> WHAT THE EXERCISE ASKS: A word-for-word copy of the data is what's wanted; pictures stay out of it.

> INFORMATION SHOWN:
┄┄┄┄┄┄┄┄┄┄┄┄┄┄┄┄┄┄┄┄
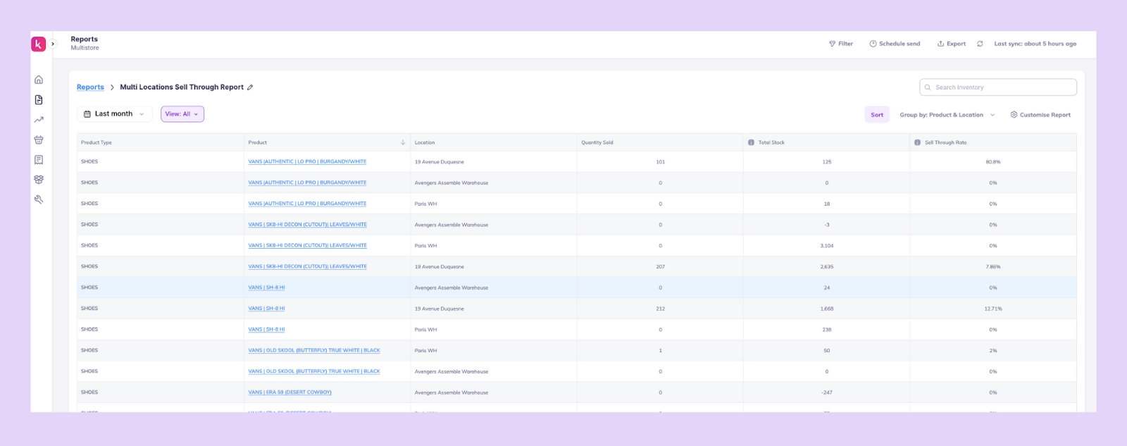 What it includes: Product, Location, Quantity sold, Total stock, and Sell-through rate.Â
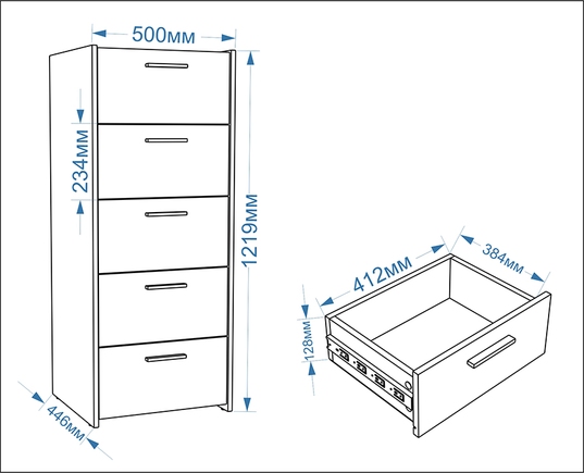 Фурнитура: Направляющие шариковые полного выдвижения, ручка мебельная PS25/C25.
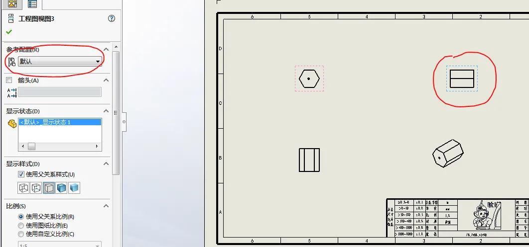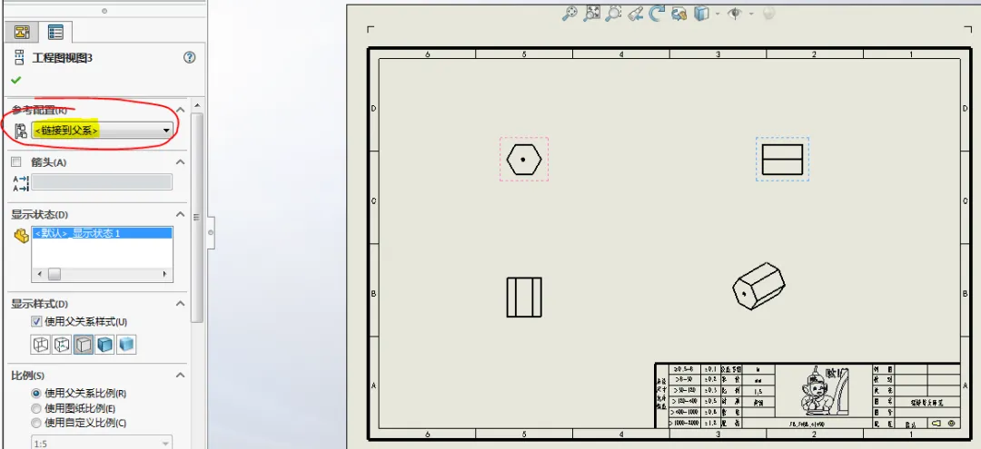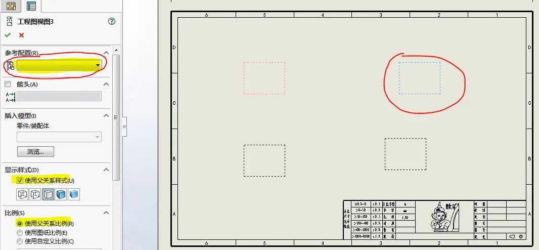SW工程图模板虽然是个好东西,但是总有遗漏的地方,尤其是关系到配置。随便点一个视图,样式,比例可以设置成关联父系,但是配置是一片空白,因为视图还没绑定模型,自然不知道配置。绑定模型生成工程图后,这里就变成了模型当前使用的配置。一张工程图,除了主视图,少说有2~3个其他视图。也不用多,有个百来张工程图,这玩意儿挨个去点想想就头皮发麻。就算不去点,检查所有视图是否都采用相同配置也是件费力不讨好的事。为了方便讲述,听取粉丝意见,只贴关键部分代码段,其余代码段跟过往没啥大区别,就不浪费篇幅了。ShtNames = SwDrw.GetSheetNamesFor i = 0 To UBound(ShtNames) Views = SwDrw.Sheet(ShtNames(i)).GetViews For j = 0 To UBound(Views) If Views(j).GetBaseView Is Nothing Then '主视图(主视图没有基础视图) Views(j).UseSheetScale = True Else Views(j).LinkParentConfiguration = True End If Next Erase ViewsNextErase ShtNames
┄┄┄┄┄┄┄┄┄┄┄┄┄┄┄┄┄┄┄┄
> RESULT OF THIS EXERCISE:
 What it includes: Product, Location, Quantity sold, Total stock, and Sell-through rate.Â
 Фурнитура: Направляющие шариковые полного выдвижения, ручка мебельная PS25/C25.
SW工程图模板虽然是个好东西,但是总有遗漏的地方,尤其是关系到配置。随便点一个视图,样式,比例可以设置成关联父系,但是配置是一片空白,因为视图还没绑定模型,自然不知道配置。绑定模型生成工程图后,这里就变成了模型当前使用的配置。一张工程图,除了主视图,少说有2~3个其他视图。也不用多,有个百来张工程图,这玩意儿挨个去点想想就头皮发麻。就算不去点,检查所有视图是否都采用相同配置也是件费力不讨好的事。为了方便讲述,听取粉丝意见,只贴关键部分代码段,其余代码段跟过往没啥大区别,就不浪费篇幅了。ShtNames = SwDrw.GetSheetNamesFor i = 0 To UBound(ShtNames) Views = SwDrw.Sheet(ShtNames(i)).GetViews For j = 0 To UBound(Views) If Views(j).GetBaseView Is Nothing Then '主视图(主视图没有基础视图) Views(j).UseSheetScale = True Else Views(j).LinkParentConfiguration = True End If Next Erase ViewsNextErase ShtNames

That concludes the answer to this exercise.